Rios wichtigste Tageszeitung O Globo widmete mit dem Vorfall in ihrer Online-Ausgabe eine ausführliche Berichterstattung mit Bildergalerie und ließ Krauskopf zu Wort kommen: "Ich weiß, dass die Schule dadurch Punkte verlieren kann", zeigte sie sich anschließend zerknirscht und garantierte der Jury, dass das Outfit zuvor bereits beim Samba-Tanz getestet worden sei. "Ich bin eine Schauspielerin und habe versucht, mit meinem schönsten Lächeln die Situation zu überspielen." Sie ging auf die andere Seite der Avenida, um der Jury nicht zu nahe zu kommen. "Aber ich habe gesehen, dass einige Zuschauer auf mich zeigten und versucht haben, herauszufinden, ob ich ganz nackt bin oder nicht." Dem KURIER sagte sie: "Ich ärgere mich, weil das den eigentlichen Auftritt überlagert. Samba ist eigentlich ganz anders."

Trotz aller Freizügigkeit hat Rios Karneval nämlich sehr strenge Regeln. Jeder Auftritt bei den offiziellen Events wird streng kontrolliert und bewertet. Regelverstöße in Disziplin, Ausführung oder eben Kleiderordnung werden geahndet. Die Samba-Schulen erfüllen wichtige Funktionen innerhalb der brasilianischen Gesellschaft, vergleichbar mit dem Vereinsleben in Deutschland oder Österreich.

"Die Stadt ist voller Lebensfreude"

Entsprechend hart sind die Vorbereitungen, Krauskopf trainierte in Wien hart für den Auftritt, um topfit in die Karnevalstage zu gehen. Trotz des kleinen Missgeschicks wird sie die Tage in der Karnevalsmetropole genießen. Ebenso wie ihre Unterstützerin aus Österreich, die sich angesichts des Farbenspektakels begeistert zeigte. "Die Stadt ist so voller Lebensfreude, und ich bin Janaina dankbar, dass ich das alles einmal aus nächste Nähe miterleben darf. Nicht nur die spektakulären Seiten, sondern eben auch einmal abseits des bunten Trubels in der Favela", sagt Lukac. Beide Frauen engagieren sich auch sozial, planen gemeinsam Projekte für Kinder in der Favela. In den Tagen rund um die Karnevalsauftritte absolvieren sie gemeinsam Auftritte in der Medienlandschaft der Stadt, um für ihre soziale Arbeit zu werben.

Der Auftritt am Freitag war der erste Höhepunkt. Das kleine Missgeschick wird für noch mehr Motivation und wohl auch Medieninteresse sorgen, wenn es am Dienstag in die nächste Runde geht.
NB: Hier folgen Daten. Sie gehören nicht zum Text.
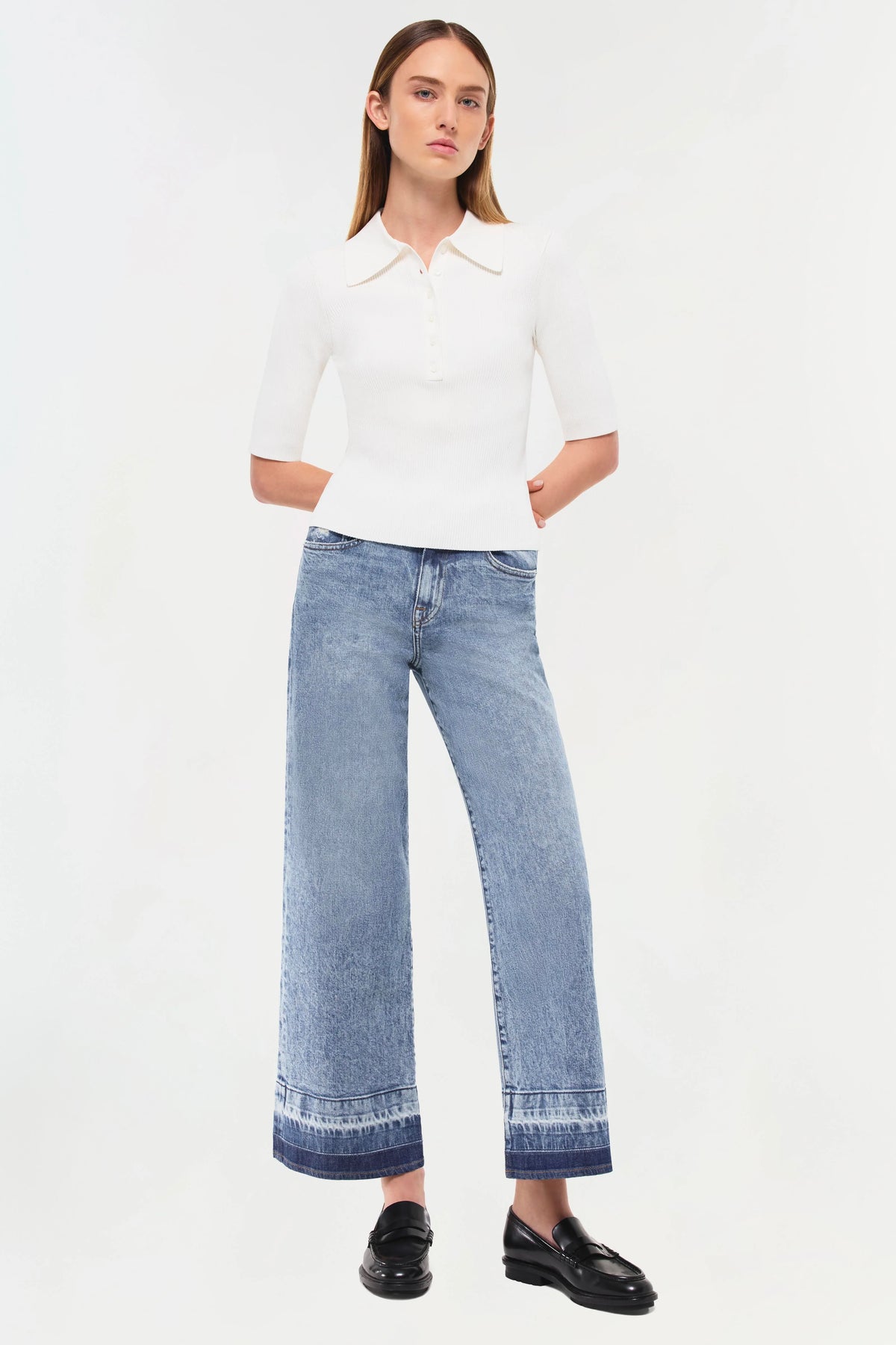 The Jude Wide Leg Denim in Sherwood. High waist, relaxed fit denim with wide leg silhouette and released hem.

Dann wird die in Rio de Janeiro geborene Tänzerin als "Königin" der Tanzgruppe "Vermelho e Branco" (Rot und Weiß) der Sambaschule Unidos de Bangu ihren nächsten Auftritt haben. In der streng festgelegten Zeremonie-Ordnung wird die Gruppe tanzend als Nummer 13 über die "Estrada Intendente Magalhães" ziehen. Das Thema des Auftritts passt zu den erhitzten Gemütern dieser Tage: "Wo es Rauch gibt, gibt es auch Feuer."